Victorian Water Measurement Information System

Trying to simply get access via REST to data in https://data.water.vic.gov.au.
jupyter
hydstra
Author

J-M & Andrew Freebairn

Published

May 28, 2022

About

Trying to retrieve time series or streamflow measurements via a REST API. Or anything that works for that matter.

This builds on work done by my colleague Andrew Freebairn, which really gave me a leg up.

Web API: which one?

I am not a regular user of online data. Whenever I really needed to fetch data from an online service, this tended to be an experience where reverting back to using a Web GUI with a “download data” button the path of least pain.

Before writing this section I got confused, trying to use kiwis-pie to retrieve data from the VIC data web site. Which is not suitable. I thought all Kisters products would be accessible using a unified web API. But Hydstra has its own separate from WIKSI, so far as I understand. See https://kisters.com.au/webservices.html

Curiously what seems to be the documentation for the Json API to Hydstra is in a page named HYDLLP – Flat DLL Interface to Hydstra. The examples are given in Perl, which is, well, not all that mainstream anymore.

There are visibly data codes to identify the types of data, at least to retrieve time series data. Query parameters such as varfrom and varto are kind of odd in an API though, and would deserve an explanation. It is only after manually downloading a time series from the VIC water data GUI that there is an explanation note about these variable codes.

The VIC data web site offers a way to directly link to URLs for particular data, but this seems not to work when used: https://data.water.vic.gov.au?ppbm=405288|B_405_GOULBURN|WEB_SW&rs&1&rsdf_org

rdmw.qld.gov.au providing documentation for how to build json queries.

import requests
import json
import urllib
import pandas as pd
from datetime import date
from IPython.core.display import HTML
from IPython.display import JSON
def vic_url_builder(json_p, query):
    endpoint = 'http://data.water.vic.gov.au/cgi/webservice.exe'
    return f"{endpoint}?{json.dumps(json_p)}&{urllib.parse.urlencode(query)}"

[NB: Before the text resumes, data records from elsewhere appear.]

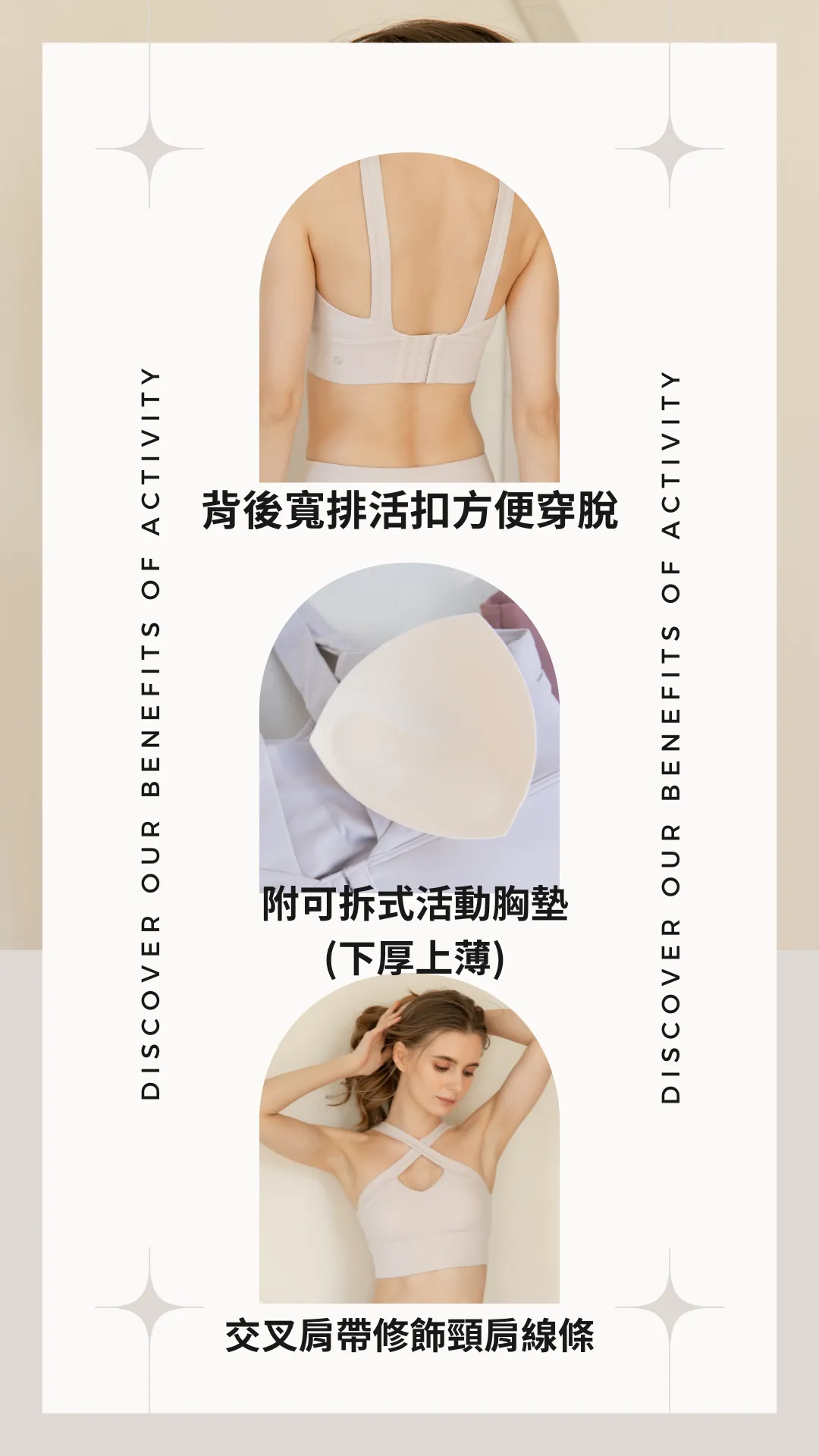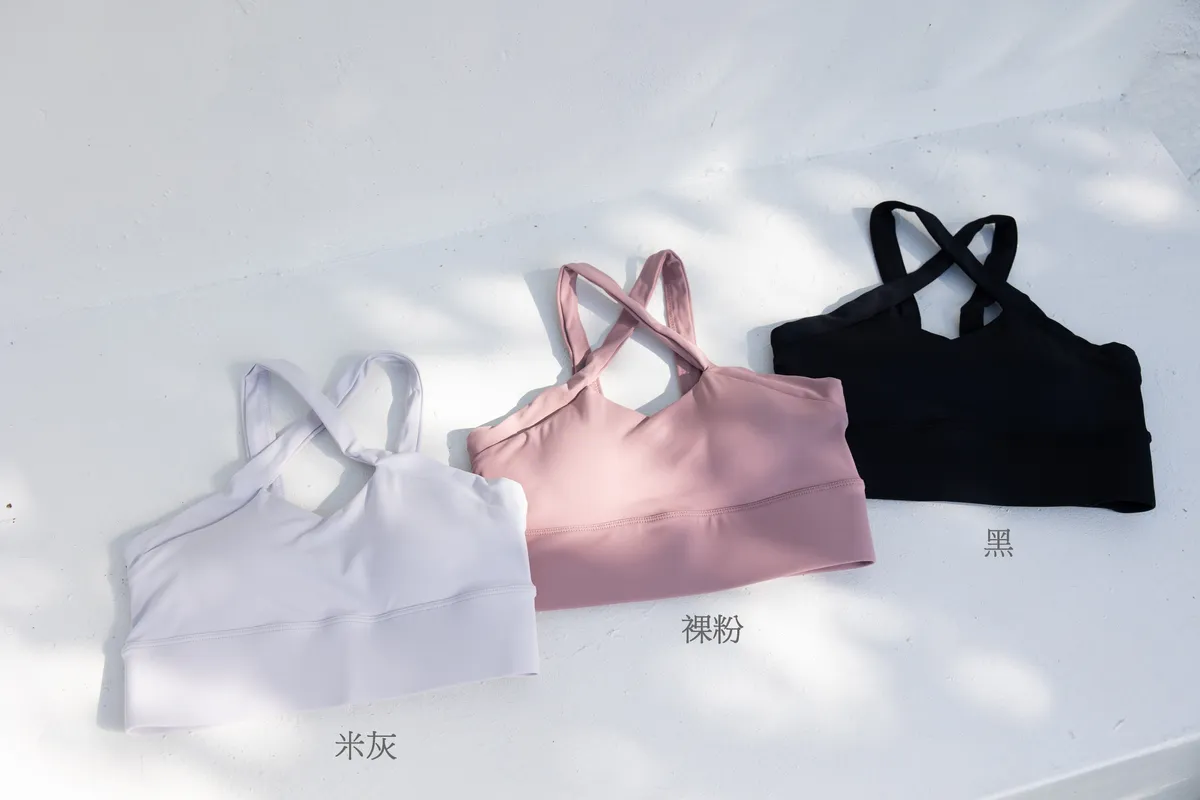🔸米灰/裸粉/黑🔸S/M/L/XL🔸附可拆式活動胸墊(下厚上薄)#側邊副乳加強包覆#交叉肩帶設計✔ 交叉肩帶設計修飾頸肩線條✔ 背後寬排活扣方便穿脫✔ 加寬底圍聚集胸型✔ 背後以X交叉寬肩帶設計給予穩定穿著感˙75%NYLON 25%ELASTANE.
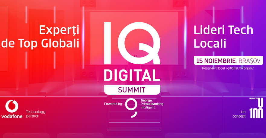 Banca Comercială Română împreună cu Vodafone, în calitate de partener de tehnologie, și cu echipa Upgrade 100 organizează un nou eveniment IQ DIGITAL Summit, pe 15 noiembrie, la Brașov, în Sala Mare a Teatrului Sică Alexandrescu. IQ DIGITAL Summit este unul dintre cele mai mari evenimente de business și tehnologie care are loc în acest an la Brașov și reunește experți în strategie și scenarii de afaceri pentru viitor, lideri din digitalizare și o suită de experți și antreprenori locali. Accesul la eveniment este gratuit, în limita locurilor disponibile, pe baza înscrierii în secțiunea dedicată de pe pagina evenimentului Brașov IQ DIGITAL by U100 & George (https://iqdigital.ro/brasov/#bilete).
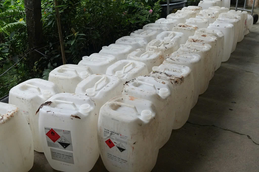 Can chứa axit acetic công nghiệp mà Lê Thị Lộc mua về để pha chế, sản xuất giấm giả.
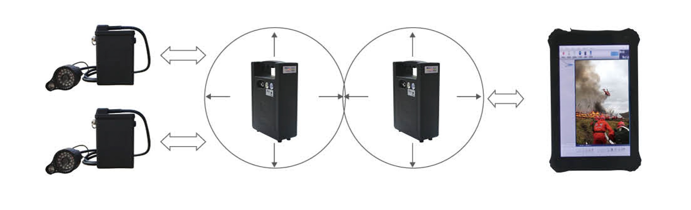 該裝置采用無線連接方式的信號中繼與傳輸,應急通信網(wǎng)絡的通信距離可達20公里。無線通信網(wǎng)絡采用自組織、自愈合方式快速形成多跳鏈狀或網(wǎng)狀網(wǎng)拓撲結構,無線通信距離不小于2000米,具有快速部署、高帶寬、低時延、可靠性強等特點。井下救援人員或工作人員,通過佩戴礦用本安型平板計算機、配套的低照度攝像頭自帶語音通話、無線中繼器、多參數(shù)測定儀等裝備,將現(xiàn)場的實時圖像、語音、環(huán)境參數(shù)等信息實時回傳到指揮平臺,調度指揮人員可以實時了解現(xiàn)場情況,并對現(xiàn)場人員進行調度指揮。
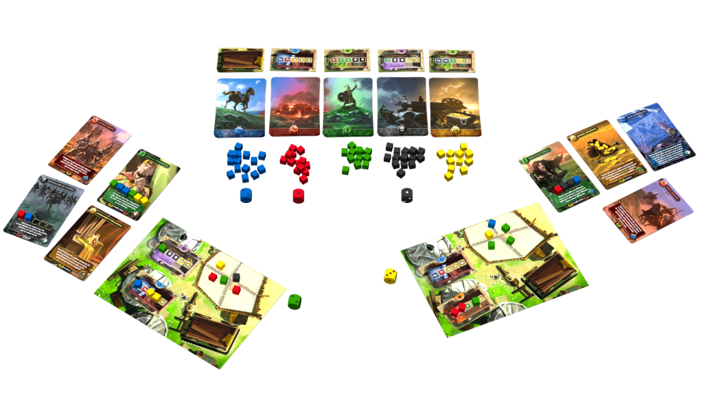 L’objectif étant de remplir des chariots avec des ressources ou de donner les ressources à des mercenaires pour obtenir leur aide. Mais me dites vous ? on joue tout seul dans son coin ? NON !!! Il y a une forte interaction sur le choix des dés (pour embêter les autres) et sur le placement des fléaux (certaines cartes piochées sont très bonnes pour soi ou très mauvaises pour les autres hahaha). On peut poser les fléaux devant un joueur qui devra désactiver  le fléau (en donnant des ressources) avant de pouvoir continuer son jeu de remplissage et de recrutement. Quel vilain cet auteur ! Mais quel plaisir quand ça tombe pas sur vous hahahaha
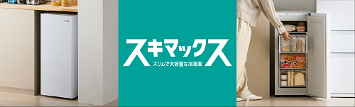 「スキマックス」は、2024年に「隙間(スキマ)に収まる」「大容量(マックス)」をコンセプトに発売した、ファン式のスリム冷凍庫シリーズです。昨今の物価高に伴う節約志向により、冷凍食品のまとめ買いやふるさと納税の返礼品、料理の作り置きを冷凍保存したいというセカンド冷凍庫に対するニーズが高まっています。
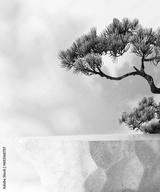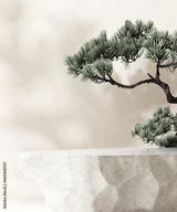 Modern white rock stone side table podium, tree in sunlight on beige room background. Luxury cosmetic, skincare, beauty, body, hair care, treatment, fashion product display background 3D
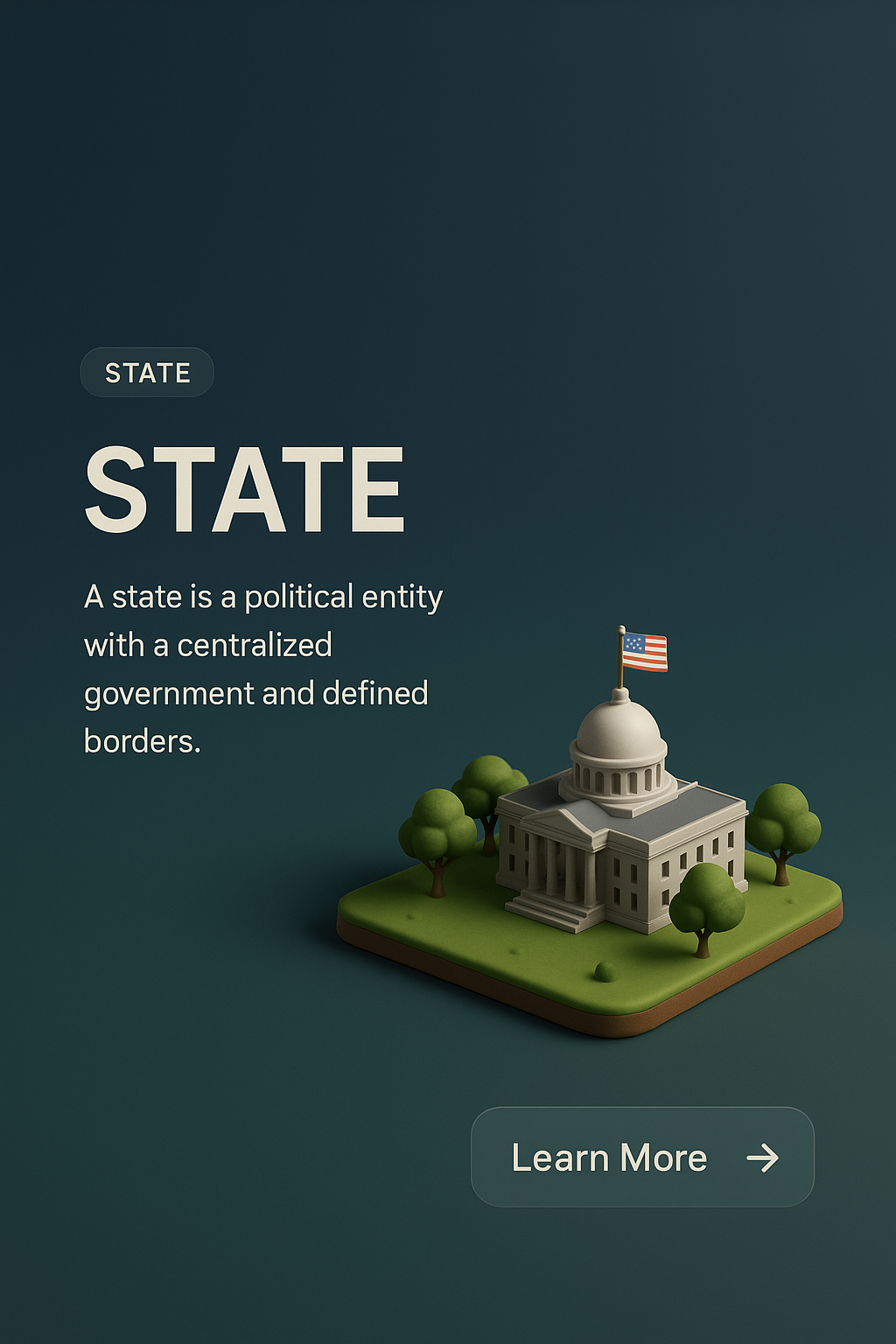 A minimalist 3D illustration depicting a state with a central government building on a grassy base. The background features a smooth gradient transitioning to a darker shade, enhancing the visual appeal.
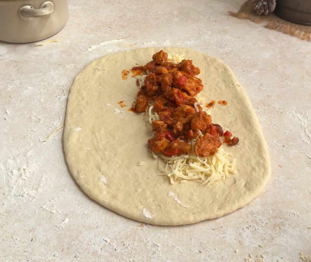 - Spread shredded mozzarella evenly over the dough, then add the cooled chicken filling. Fold the dough over the filling and seal the edges tightly.
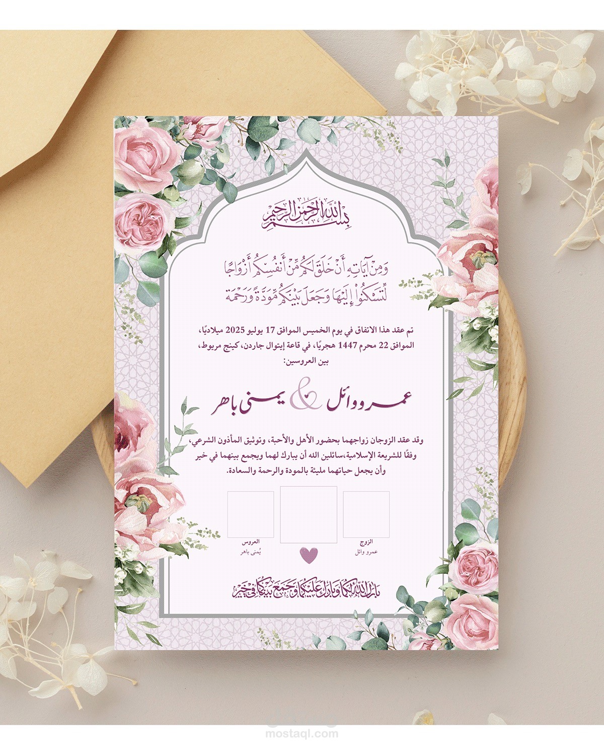 دعوة زفاف مميزة بناء على طلب العميل، وتصميم بصمة كتب الكتاب قابلة للطباعة المحترفة.

The site identifiers of interest are:

site_id_405284 = '405284' # SUNDAY CREEK @ MT DISAPPOINTMENT
site_id_405288 = '405288' # SUNDAY CREEK @ MT DISAPPOINTMENT (US SUNDAY CK. STORAGE
site_id_405287 = '405287' # WESTCOTT CREEK @ MT DISAPPOINTMENT US SUNDAY CK STORAGE
site_id_405239 = '405239' # SUNDAY CREEK @ CLONBINANE
# This took me a bit of time to figure out how to extract cumecs. One has to figure out that the 'varfrom' in the query parameter needs to bhe the river level in metres. 
var_code_level_metres = '100' # 
var_code_cumecs = '140' # cumecs
var_code_mlpd = '141' # ML/Day
ver = {
  'ver': '2.0'
}

#station_list = '405288' # don't set as 1-element list though: fails...

station_list = ','.join([
site_id_405284,
site_id_405288,
site_id_405287,
site_id_405239,
])

def dt_str(x): return x.strftime('%Y%m%d%H%M%S')

get_ts = {
    'function':'get_ts_traces',
    'version':'2',
    'params':{
        'site_list':station_list,
        'datasource':'A', # THere are other codes, but this one is the only that returned something so far I can see.
        'varfrom':var_code_level_metres,
        'varto':var_code_cumecs,
        'start_time':'20220101000000',
        'end_time':'20220529000000',
        'interval':'day',
        'multiplier':'1',
        'data_type':'mean',
    }
}
query = vic_url_builder(get_ts, ver)
response = requests.get(query)
if response.status_code == requests.codes.ok:
    print('Return Json')
    print(response.headers['content-type'])
    response_json = response.json()

# for visualisation in a notebook (not sure about rendered in a blog?)
JSON(response_json)
Return Json
text/html
<IPython.core.display.JSON object>
type(response_json)
dict
traces = response_json['return']['traces']
len(traces)
2

We got only trace time series for 2 of the 4 sites. This is because these sites have no recent data, at least not for the preiod of interest. Fair enough. For instance 405284 SUNDAY CREEK @ MT DISAPPOINTMENT functioned from from 23/06/1981 to 05/07/1984

traces[0].keys()
dict_keys(['error_num', 'compressed', 'site_details', 'quality_codes', 'trace', 'varfrom_details', 'site', 'varto_details'])
traces[0]['site']
'405288'
tr = traces[0]
tr['quality_codes']
{'255': '',
 '100': 'Irregular data, use with caution.',
 '2': 'Good quality data - minimal editing required. +/- 0mm - 10mm Drift correction'}
traces[1]['quality_codes']
{'255': '',
 '150': 'Rating extrapolated above 1.5x maximum flow gauged.',
 '149': 'Rating extrapolated 1.5 times the maximum flow gauged.',
 '2': 'Good quality data - minimal editing required. +/- 0mm - 10mm Drift correction'}

So this has good quality data, and some missing data (255). I am a bit puzzled by the codes for ratings beyond the max flow gauge, but the value appears to be sometimes zero flows in the data. Odd.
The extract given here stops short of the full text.